By Council Members Vallone and Koo
      Whereas, According to the New York City Department of Health and Mental Hygiene (DOHMH) Commissioner Thomas Farley and the late New York State Health Commissioner Richard F. Daines, medical researchers have increasingly associated the consumption of sugar-sweetened beverages with weight gain, obesity, and the development of diabetes and in the City of New York, diabetes is already an epidemic; and
      Whereas, Dating back to President Kennedy's efforts in 1961, the aim of the USDA's Food Stamp Program, now technically called the Supplemental Nutrition Assistance Program (SNAP), was "to provide for improved levels of nutrition among low-income households;" and
Whereas, The Food and Nutrition Act of 2008 reinforced this goal, declaring it to be "the policy of Congress, in order to promote the general welfare, to safeguard the health and well-being of the Nation's population by raising levels of nutrition among low-income households;" and      
      Whereas, New York City and New York State are seeking permission from the USDA to modify the list of allowable food items that can be purchased with SNAP benefits in New York City, to bar the purchase of certain sugary drinks with Food Stamps; and
      Whereas, This provision would not apply to milk, milk substitutes, or fruit juices with no added sugar; and
      Whereas, According to  Commissioners Farley and Daines, some 57 percent of adults in New York City and 40 percent of children in New York City public schools are overweight or obese, with the numbers being especially high in low-income neighborhoods; and      
      Whereas, The DOHMH further advises that in the past 10 years, the number of people with diabetes in NYC has more than doubled; and
      Whereas, DOHMH reports that although an estimated 530,000 adult New Yorkers know they have diabetes, for every two people who have diabetes, there is another person who has it and doesn't yet know it, suggesting that there are likely another 265,000 New Yorkers with diabetes; and
      Whereas, According to Dr.
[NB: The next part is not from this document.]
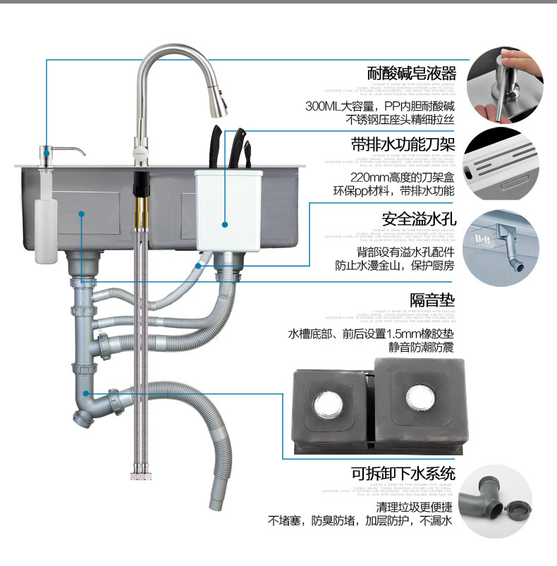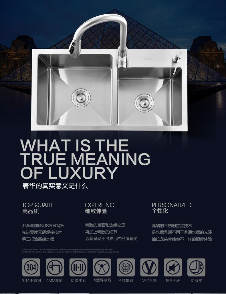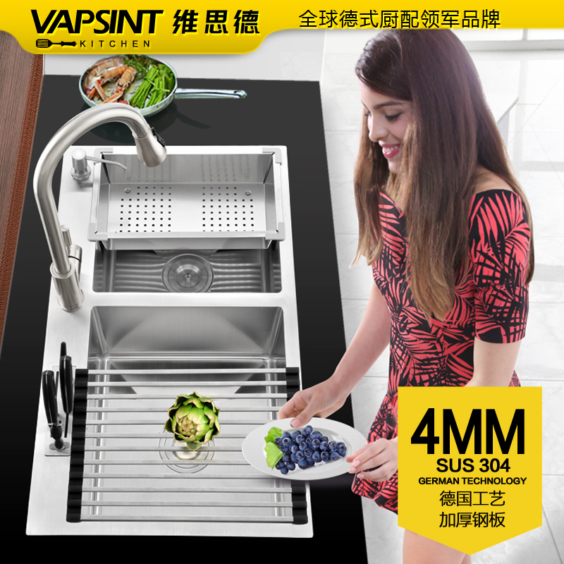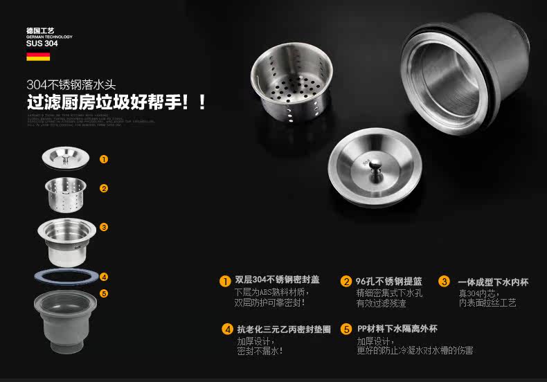 - Chất liệu: INOX SUS 304 cao cấp. - Độ dày: 4 mm. - Công nghệ phủ bề mặt: Kỹ thuật phủ mịn, phủ 3 lớp kim loại nguyên chất. Lớp phủ bề mặt tốt hay không có ảnh hưởng trực tiếp đến việc chống bám dính vết mỡ của chậu rửa bát. Vì thế với kỹ thuật phủ mịn 3 lớp kim loại bề mặt chậu luôn sáng bóng chống bụi bẩn, chống dầu mỡ bám dính đến 78%. - Kỹ thuật phủ Inox tạo nên sự khác biệt so với chậu rửa bát thông thường. - Thiết kế rãnh dẫn nước: 4 rãnh, xả nước trôi nhanh chóng, đảm bảo chậu rửa được sạch sẽ khô ráo. - Mặt dưới chậu rửa bát có thiết kế tấm mút cao su dày 1.5mm chống rung, chống ồn. |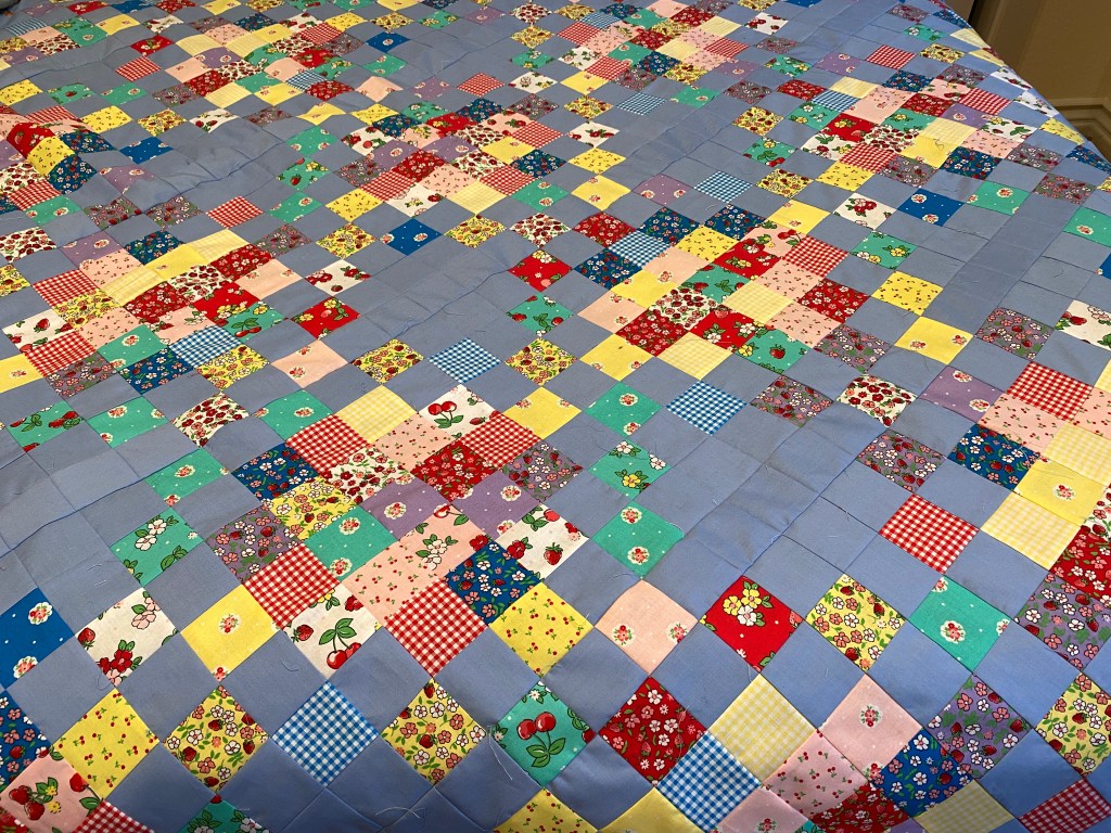 In between surfing for pantos, I finished this top, from the Busy Hands pattern Picnic Plaid. Lots of little squares, but the pattern is very well laid out with charts and instructions to help achieve a random look. The fabric was from another quilt kit I had bought from “Craftsy” a few years ago. Two rolls of 9 inch wide 42 inch long strips, from the line called Strawberry Fizz. I have one roll left, which may become a Whimsy quilt.

Leonid Poretsky, Division Chief of New York's Beth Israel Medical Center Division of Endocrinology, and other health experts, the diabetes epidemic is sweeping the modern world, affecting close to 246 million people world-wide, including 23.6 million in the United States, and some 500,000 to 800,000 New Yorkers; and
      Whereas, According to research presented in the Journal of the American Dietetic Association, many studies have attributed the rising rates of obesity and diabetes to increased caloric consumption, much of which comes from sweetened beverages; and
      Whereas, The USDA has already set a precedent for defining sweetened beverages as a food with "minimal nutritional value" in their National School Lunch guidelines, and accordingly a USDA denial of the City and State's request would be in contradiction to its own explicitly stated and implemented policy in the School Lunch and Breakfast Programs; and
      Whereas, National organizations that have supported measures to reduce our overall sugar consumption include the American Academy of Pediatrics, American Heart Association, American Cancer Society, Save the Children, and the National Association of County and City Health Officials; and
Whereas, By reducing access to sweetened beverages, the City's proposal is consistent with the City of New York's comprehensive efforts to improve the nutrition of all New Yorkers, including low-income households; now, therefore, be it      
Resolved, That the Council of the City Of New York calls upon the United States Department of Agriculture to authorize New York City to add certain sugary drinks to the list of prohibited goods for City residents who receive Food Stamp assistance.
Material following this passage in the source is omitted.